Only the lines from the first line of the data through the line containing "sidelights ‹ Back" belong in the answer, transcribed exactly; pictures do not.

(Stored data)
• • • • •
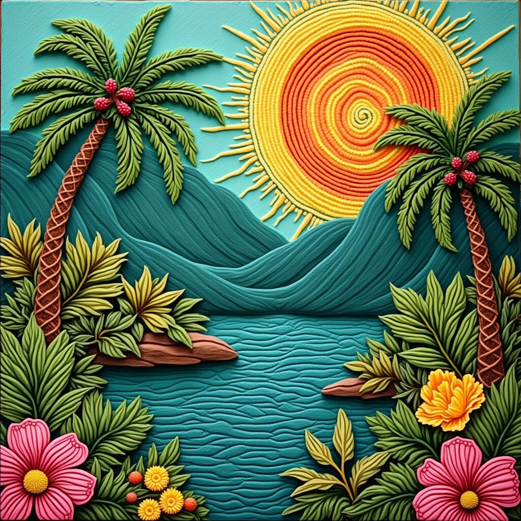 Bring the tropics to your home with vibrant coils of green, yellow, and pink. This lively piece is perfect for a sunroom or patio.
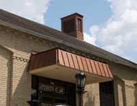 ‘canopy’ Published July 22, 2013 at 1280 × 995 in New Deal in Mississippi: Old Batesville Post Office copper visor over door with transom and sidelights ‹ Back
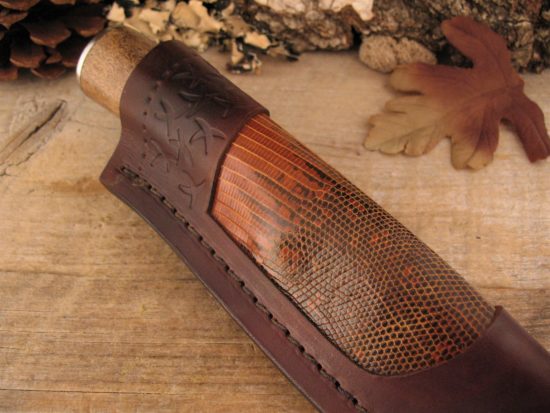 The Heavy Leather sheath has Exotic Lizard Skin as the inlay.  Herb also added some Custom Tooling around the mouth of the Sheath. Nice snug fit and a wonderful compliment to the knife.
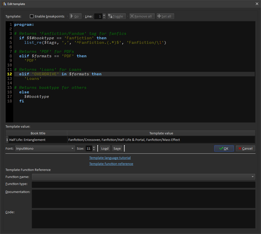 program: if $#kobostatus then # Returns 'Fanfiction/Fandom' tag for fanfics if $$#booktype == 'Fanfiction' then list_re($tags, ',', '^Fanfiction.(.*)$', 'Fanfiction/\1') # Returns 'PDF' for PDFs elif $formats == 'PDF' then 'PDF' # Returns 'Loans' for Loans elif 'OVERDRIVE' in $formats then 'Loans' # Returns booktype for others else $#booktype fi fi Due to my tagging practices: a) Fanfiction.Crossover is the always the first in the list; a) I only have multiple tags when one is 'Fanfiction.Crossover' b) I always prefer 'Crossover' for the first pick. So based on this, I thought of two separate solutions: Option #1: splitting the list: Code:
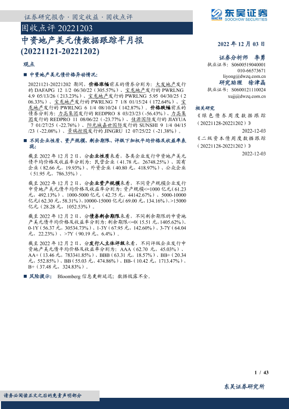 【东吴证券】【20221203】固收点评:中资地产美元债数据跟踪半月报-43页
• • • • •
• _Solution to this problem_:
 Bring the tropics to your home with vibrant coils of green, yellow, and pink. This lively piece is perfect for a sunroom or patio.
 ‘canopy’ Published July 22, 2013 at 1280 × 995 in New Deal in Mississippi: Old Batesville Post Office copper visor over door with transom and sidelights ‹ Back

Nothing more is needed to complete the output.